E, ancora, vanno considerate le spese per zucchero, stoviglie, pulizie di attrezzature e locali, compresa la pulizia della toilette. «A volte penso che guadagneremmo di più se facessimo pagare l’uso del bagno offrendo il caffè gratis. La tazzina consumata al banco è sottocosto, non dà praticamente ricavi, ma è comunque un importante biglietto da visita per un locale, nell’auspicio che serva a muovere la vendita di prodotti con marginalità maggiore come la brioche a colazione, il pranzo o l’aperitivo », dice Cursano.

Che imputa a queste voci di spesa anche la chiusuradi tantissimi bar negli ultimi dieci anni.

I clienti storcono il naso. «Ma non abbiamo registrato cali nel consumo - conclude Cursano - perché il caffè continua ad essere uno dei prodotti più democratici al mondo, alla portata di tutti. Con poco più di un euro ci garantisce l’accesso ad un luogo dove si offrono accoglienza, servizi, socialità. Non capisco perché questo non sia chiaro e evidente a tutti».

A Berlino 4 euro

«Il prezzo della tazzina ha da noi un valore simbolico, che deriva dal valore sociale del "prendere un caffè" che corrisponde al "bere una birra" per i tedeschi. Ma il caffè a Berlino la settimana scorsa l’ho pagato 3,5EUR, in Inghilterra costa 4 pound e da Starbucks a New York tre dollari e mezzo. Non esiste che in Italia, al di là della qualità che può essere giudicata soggettivamente, possa continuare a costare 1,20», aggiunge Franco Marinoni, direttore generale Confcommercio Toscana.

Risparmi e qualità

«Confesercenti ha condotto uno studio in proposito - spiega Franco Brogi, presidente regionale per la Toscana di Fiepet (Federazione Italiana Esercenti Pubblici e Turistici) Confesercenti - da cui è emerso che sotto 1,30 euro è veramente difficile avere un ricavo. Il prezzo al chicco è aumentato, ma non solo quello. Ci entrano anche la manutenzione della macchina, l’energia e soprattutto la Tari, la spazzatura, che è la voce di spesa più importante con l’energia elettrica, in alcune zone della Toscana è aumentata anche del 20-30%».

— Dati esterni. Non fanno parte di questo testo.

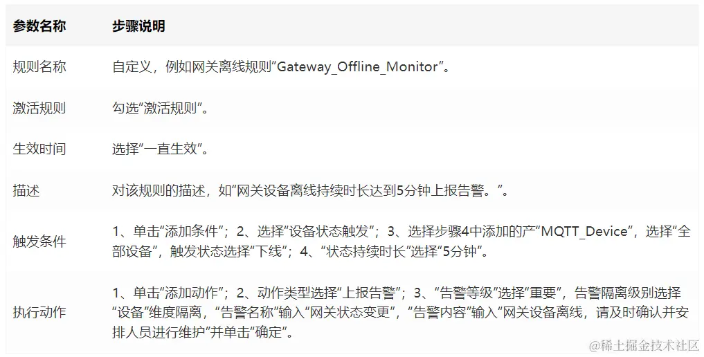 参考下表参数说明,填写规则内容,创建网关离线上报告警规则。以下参数取值仅为示例,您可参考用户指南创建自己的告警规则,填写完成后单击“创建规则”。
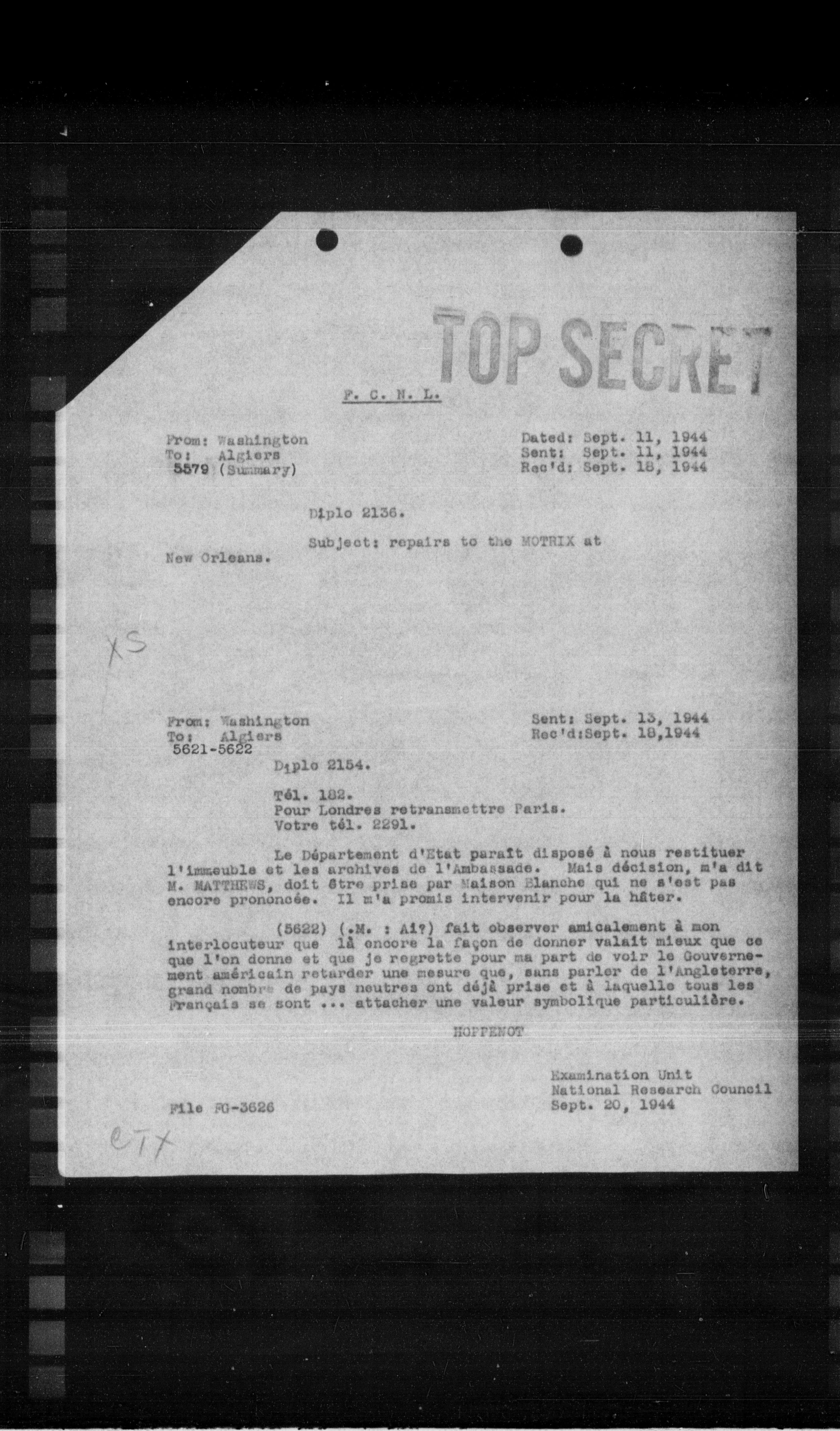 Le Département d'Etat paraît disposé à nous restituer l'immeuble et les archives de l'ambassade. Mais décision, m'a dit N. MATTHEWS, doit être prise par Maison Blanche qui ne s'est pas encore prononcée. Il m'a promis intervenir pour la hâter.

Da Illycaffè dicono che si arriverà a 2 euro? «Può essere - dice Brogi - non lo escluderei se si va avanti così. Ma faccio un altro ragionamento: il caffè è tra i beni più sottovalutati perché, poiché costa 1 euro, 1,20 euro, a volte ci si accontenta. Ma risparmiare 10 centesimi non vale la pena se poi il caffè brucia lo stomaco. Qui non c’è una speculazione dei locali: è un aumento generale».